But her deposition left unanswered the question of whom that might be: Nearly all of the names contained within it – except her own and Epstein’s – were redacted. Maxwell’s lawyers did not respond to a request for comment. While the deposition is rife with denials about various forms of sexual activity, Ms Maxwell does explain that she performed several jobs for Epstein at his properties in New York and Florida. She said she was in charge of hiring his pool attendants, gardeners, chefs, butlers, housekeepers and chauffeurs. All of them, she added, were “age appropriate adult people.”

The deposition also provided a glimpse into how Epstein financially supported Ms Maxwell over the years. She said he lent her money to buy a townhouse and bought a car for her – though she acknowledged that she could not recall the make or model. She also said Epstein donated $50,000 to TerraMar, an ocean conservation charity she founded.

Massages

Ms Maxwell further noted that Epstein liked to have at least one massage a day and that more than one masseuse would be on call to perform them.

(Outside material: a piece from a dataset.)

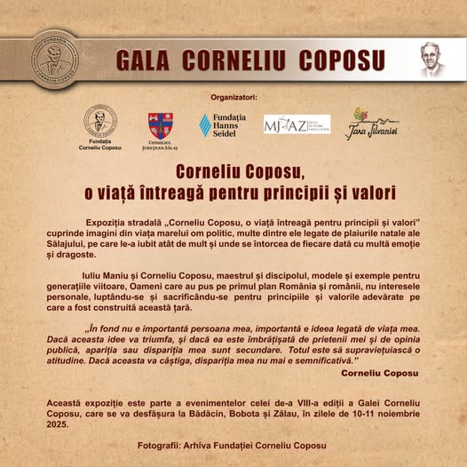 Miercuri, 5 noiembrie 2025, începând de la ora 13,15, sunteți invitați la vernisajul expoziției stradale „Corneliu Coposu – o viață întreagă pentru principii și valori”, organizată în zona pietonală...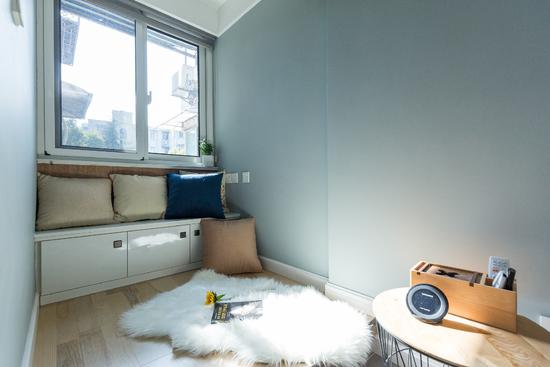 小夏是個貓性的女孩子,她喜歡貓肢體柔軟、常愛在主人懷中瞇縫著眼打瞌睡那懶懶的神情,讓人不由愛之憐之。但是她對貓敏感,所以用毛墊子來代替貓的溫柔。不管是早餐還是午后,陽光透過玻璃投影下來,斑駁的光影讓室內倍感溫馨。

But she refused to answer questions about whether the word “massage” was a code word for sex, saying only that the massages involved private adult sexual relationships, according to the separate document released with her deposition.

Ms Maxwell, the daughter of a publishing magnate and a one-time fixture on New York's social scene, had fought for months to bar the release of the deposition, as well as a second one – both of which emerged from a 2015 civil case brought by Virginia Giuffre, one of her and Epstein's accusers.

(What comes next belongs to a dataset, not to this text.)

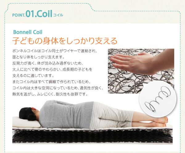 子どもの睡眠環境を考えた 安眠マットレス 薄型・軽量・高通気 ジュニア ボンネルコイル シングル ショート丈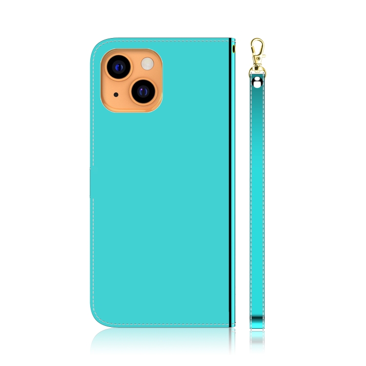 Funda de Cuero para iPhone 13 Mini Superficie de Espejo con Tapa Horizontal Soporte Ranuras para Tarjetas Billetera y Cordón (Verde Menta)

Though Maxwell had argued that the documents contained sensitive personal information, a federal appeals court in Manhattan upheld Monday a lower court’s decision that one of them could be made public. After a flurry of motions by her lawyers, the deposition was released Thursday morning.

Ms Giuffre has accused Ms Maxwell in a defamation lawsuit of recruiting her as a teenager to become a victim in Epstein's sex-trafficking scheme. She claims that at age 17 she met Ms Maxwell at Mar-a-Lago, US president Donald Trump's private club in Palm Beach, Florida, where Epstein also kept a home.

Trump’s name does not appear in Maxwell’s deposition, and Ms Giuffre, in her own sworn testimony, has not accused Trump of any wrongdoing.

In her own deposition, Ms Giuffre said Ms Maxwell trained her to give erotic massages to Epstein at his mansion in Palm Beach. Before long, she said, she was being flown on Epstein’s private Gulfstream jet to perform sexual services on his acquaintances.

Ms Giuffre has accused Ms Maxwell and Epstein of directing her to have sex with several prominent men, including Prince Andrew of Britain and lawyer Alan Dershowitz, both of whom have strongly denied the allegations. Because of heavy redactions in Ms Maxwell's deposition, it was unclear whether she was asked about these accusations.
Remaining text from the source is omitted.